Ковригин отпрянул от нее, как от ядовитой гадины. Сделался ему неприятным и вид ее, и запах туалетной воды, набившийся, как сладкая вата, в его ноздри. Он побарабанил пальцами по рулю, улыбнулся тетенькам, не сводившим с них глаз. Скосил глаза на Ленку. Та стояла с напряженно выпрямленной спиной и чего-то ждала.
– Я их не убивал, дурочка, – проговорил он как можно мягче и убедительнее. – Меня все устраивало. Тебя что-то волновало, да, ты плакала, помню, а меня…
– Зато теперь тебя все перестало устраивать, Владик, – Ленка судорожно пригладила выбившиеся волосы, выдернула из прически шпильку, снова воткнула ее в узел волос на затылке. Потрогала сумку, висевшую у нее на боку, будто проверяла в ней наличие чего-то важного. – Я, конечно, не верю, что это… мог сделать ты, но знай… Если ты соберешься от меня уйти, я… Я тебя уничтожу…
Глава 6
Не открывая глаз, Дина заворочалась на мягкой постели, железные пружины под ней тоненько взвизгнули, и сама она едва не завизжала, вспомнив все.

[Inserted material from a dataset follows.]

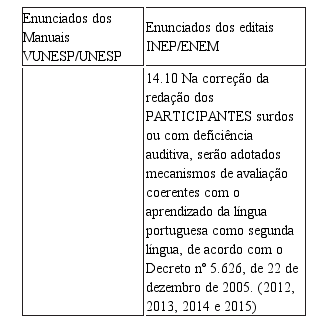 Quanto aos Editais do INEP, todas as edições investigadas mencionam a utilização de mecanismos específicos na correção da redação dos participantes surdos ou com deficiência auditiva, garantindo conformidade com o Decreto nº 5.626/2005. Porém, no Anexo IV dos Editais investigados, que trata da Correção da Redação, constam apenas os critérios gerais de correção referindo-se a cinco competências que são avaliadas em cinco níveis de domínio linguístico, sendo elas: I - Demonstrar domínio da modalidade escrita formal da língua portuguesa; II - Compreender a proposta de redação e aplicar conceitos das varias áreas de conhecimento para desenvolver o tema, dentro dos limites estruturais do texto dissertativo-argumentativo em prosa; III - Selecionar, relacionar, organizar e interpretar informações, fatos, opiniões e argumentos em defesa de um ponto de vista; IV - Demonstrar conhecimento dos mecanismos linguísticos necessários para a construção da argumentação. e V - Elaborar proposta de intervenção para o problema abordado, respeitando os direitos humanos.

Она… где она? Правильно: она в заточении, заключении, ссылке! Под надзором страшного человека, способного унизить, оскорбить, а главное, способного убить ее! Сладкий сон, вырывая ее на семь-девять часов из реальной жизни, как правило, обрывался страшным пробуждением, отрезвляющим осознанием того, что с ней произошло. А произошло: ужас просто какой-то – что.
Начальник послал ее с поручением к своему не очень хорошему знакомому. Она туда отправилась и обнаружила там парочку трупов. Развернулась, как каждая нормальная девушка на ее месте, и побежала прочь. И тут же, как всякая ненормальная, кинулась прямиком к начальнику. А его за то время, что она поднималась по лестнице в его квартиру, тоже кто-то убить успел. Она вернулась домой, сказалась по телефону коллеге по работе больной, собрала вещи, чтобы сбежать, и…
И побег не получился, потому что в тот самый момент, когда она собиралась переступить порог ведомственной квартиры, начался самый главный в ее жизни кошмар.
Вернулся Данила Кузьмин. Вернулся за ней. Вернулся каким? Жаждущим отмщения за бесцельно проведенные им в тюрьме десять лет. И, кажется, у него все получилось. Он же явился за ней не с пустыми руками. Он явился с фотографиями, могущими стать в деле об убийстве всех троих жертв главными уликами. Уликами против нее!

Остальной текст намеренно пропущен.